Entries taken from a collection
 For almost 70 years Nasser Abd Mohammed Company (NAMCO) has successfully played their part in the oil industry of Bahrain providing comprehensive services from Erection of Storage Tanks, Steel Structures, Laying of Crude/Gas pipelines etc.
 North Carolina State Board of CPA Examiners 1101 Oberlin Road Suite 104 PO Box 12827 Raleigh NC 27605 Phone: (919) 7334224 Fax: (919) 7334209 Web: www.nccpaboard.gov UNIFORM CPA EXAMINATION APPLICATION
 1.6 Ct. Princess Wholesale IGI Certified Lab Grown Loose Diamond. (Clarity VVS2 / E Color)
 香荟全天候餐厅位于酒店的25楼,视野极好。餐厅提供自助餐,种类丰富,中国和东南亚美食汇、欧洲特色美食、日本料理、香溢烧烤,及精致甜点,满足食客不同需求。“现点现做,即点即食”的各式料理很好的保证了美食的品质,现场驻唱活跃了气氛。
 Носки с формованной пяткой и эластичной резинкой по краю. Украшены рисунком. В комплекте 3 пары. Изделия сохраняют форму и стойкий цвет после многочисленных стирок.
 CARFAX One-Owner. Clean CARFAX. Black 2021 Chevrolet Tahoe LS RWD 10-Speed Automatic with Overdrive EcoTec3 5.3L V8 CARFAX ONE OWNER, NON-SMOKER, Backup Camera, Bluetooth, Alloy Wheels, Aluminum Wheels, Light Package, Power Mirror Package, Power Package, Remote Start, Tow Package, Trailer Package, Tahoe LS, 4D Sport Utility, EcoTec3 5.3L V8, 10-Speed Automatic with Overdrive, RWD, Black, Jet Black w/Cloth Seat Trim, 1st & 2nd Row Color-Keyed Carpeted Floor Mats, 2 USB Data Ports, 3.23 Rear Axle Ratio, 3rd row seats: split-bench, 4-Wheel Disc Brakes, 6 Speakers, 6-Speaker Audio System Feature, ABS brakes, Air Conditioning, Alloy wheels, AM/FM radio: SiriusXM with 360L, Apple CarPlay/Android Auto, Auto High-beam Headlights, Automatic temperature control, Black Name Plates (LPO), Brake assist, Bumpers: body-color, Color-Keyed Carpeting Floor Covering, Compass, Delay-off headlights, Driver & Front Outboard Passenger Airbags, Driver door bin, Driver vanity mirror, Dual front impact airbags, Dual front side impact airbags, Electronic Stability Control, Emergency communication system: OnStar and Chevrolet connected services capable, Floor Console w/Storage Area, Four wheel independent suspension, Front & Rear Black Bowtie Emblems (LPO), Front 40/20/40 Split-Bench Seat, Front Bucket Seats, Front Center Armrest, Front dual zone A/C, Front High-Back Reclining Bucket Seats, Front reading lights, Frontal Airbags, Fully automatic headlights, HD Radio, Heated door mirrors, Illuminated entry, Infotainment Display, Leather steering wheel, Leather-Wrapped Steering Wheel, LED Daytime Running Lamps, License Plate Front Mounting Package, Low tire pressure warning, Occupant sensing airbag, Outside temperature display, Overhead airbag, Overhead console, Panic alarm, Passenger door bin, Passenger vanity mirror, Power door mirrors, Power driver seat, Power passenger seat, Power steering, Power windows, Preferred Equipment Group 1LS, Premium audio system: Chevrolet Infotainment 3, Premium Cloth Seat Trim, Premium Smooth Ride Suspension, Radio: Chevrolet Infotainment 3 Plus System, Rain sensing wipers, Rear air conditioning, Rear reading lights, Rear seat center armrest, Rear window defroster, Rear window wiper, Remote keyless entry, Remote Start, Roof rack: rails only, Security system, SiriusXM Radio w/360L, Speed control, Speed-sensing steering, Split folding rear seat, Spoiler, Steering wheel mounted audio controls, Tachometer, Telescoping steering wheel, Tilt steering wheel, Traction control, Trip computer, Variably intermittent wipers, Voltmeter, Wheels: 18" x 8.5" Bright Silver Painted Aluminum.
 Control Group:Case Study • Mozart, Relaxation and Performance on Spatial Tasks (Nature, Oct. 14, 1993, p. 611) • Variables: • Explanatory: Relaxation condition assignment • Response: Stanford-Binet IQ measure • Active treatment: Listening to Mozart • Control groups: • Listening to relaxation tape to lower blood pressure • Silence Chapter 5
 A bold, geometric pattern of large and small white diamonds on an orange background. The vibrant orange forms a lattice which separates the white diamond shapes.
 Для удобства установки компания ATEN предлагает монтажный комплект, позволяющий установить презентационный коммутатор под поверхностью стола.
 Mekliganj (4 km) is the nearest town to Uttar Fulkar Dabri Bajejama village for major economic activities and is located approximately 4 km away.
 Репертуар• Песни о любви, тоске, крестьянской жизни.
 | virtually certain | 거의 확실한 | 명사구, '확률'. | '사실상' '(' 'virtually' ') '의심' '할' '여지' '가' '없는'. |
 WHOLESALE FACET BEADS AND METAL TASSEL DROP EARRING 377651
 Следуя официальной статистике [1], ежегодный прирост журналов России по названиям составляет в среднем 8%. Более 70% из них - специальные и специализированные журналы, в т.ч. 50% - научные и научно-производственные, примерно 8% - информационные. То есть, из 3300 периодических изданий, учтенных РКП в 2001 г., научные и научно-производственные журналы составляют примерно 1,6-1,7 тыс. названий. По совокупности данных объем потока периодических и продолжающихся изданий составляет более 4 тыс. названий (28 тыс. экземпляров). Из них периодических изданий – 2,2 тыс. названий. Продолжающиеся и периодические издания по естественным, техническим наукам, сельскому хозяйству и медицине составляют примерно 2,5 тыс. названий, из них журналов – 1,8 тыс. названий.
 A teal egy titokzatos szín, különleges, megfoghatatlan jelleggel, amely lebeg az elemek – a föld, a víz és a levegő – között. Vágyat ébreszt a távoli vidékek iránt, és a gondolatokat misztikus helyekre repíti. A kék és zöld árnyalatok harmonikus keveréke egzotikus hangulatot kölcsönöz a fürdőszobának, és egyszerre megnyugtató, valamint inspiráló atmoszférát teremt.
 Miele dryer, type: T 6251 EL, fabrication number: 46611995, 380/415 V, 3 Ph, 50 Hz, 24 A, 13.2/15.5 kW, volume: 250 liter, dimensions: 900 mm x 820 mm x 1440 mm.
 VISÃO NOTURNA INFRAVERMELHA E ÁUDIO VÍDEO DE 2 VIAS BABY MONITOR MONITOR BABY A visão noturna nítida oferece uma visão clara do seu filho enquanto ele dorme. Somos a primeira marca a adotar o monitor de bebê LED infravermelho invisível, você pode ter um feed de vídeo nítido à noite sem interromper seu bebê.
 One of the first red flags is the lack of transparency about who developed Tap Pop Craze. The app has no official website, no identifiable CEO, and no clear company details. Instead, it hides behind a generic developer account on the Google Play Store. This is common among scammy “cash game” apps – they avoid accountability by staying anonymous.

_Task objective_. Reproduce exactly the entries above, limited to the lines from the one with "North Carolina State" through the one with "Носки с формованной", both included.

_Result of this task_.
 North Carolina State Board of CPA Examiners 1101 Oberlin Road Suite 104 PO Box 12827 Raleigh NC 27605 Phone: (919) 7334224 Fax: (919) 7334209 Web: www.nccpaboard.gov UNIFORM CPA EXAMINATION APPLICATION
 1.6 Ct. Princess Wholesale IGI Certified Lab Grown Loose Diamond. (Clarity VVS2 / E Color)
 香荟全天候餐厅位于酒店的25楼,视野极好。餐厅提供自助餐,种类丰富,中国和东南亚美食汇、欧洲特色美食、日本料理、香溢烧烤,及精致甜点,满足食客不同需求。“现点现做,即点即食”的各式料理很好的保证了美食的品质,现场驻唱活跃了气氛。
 Носки с формованной пяткой и эластичной резинкой по краю. Украшены рисунком. В комплекте 3 пары. Изделия сохраняют форму и стойкий цвет после многочисленных стирок.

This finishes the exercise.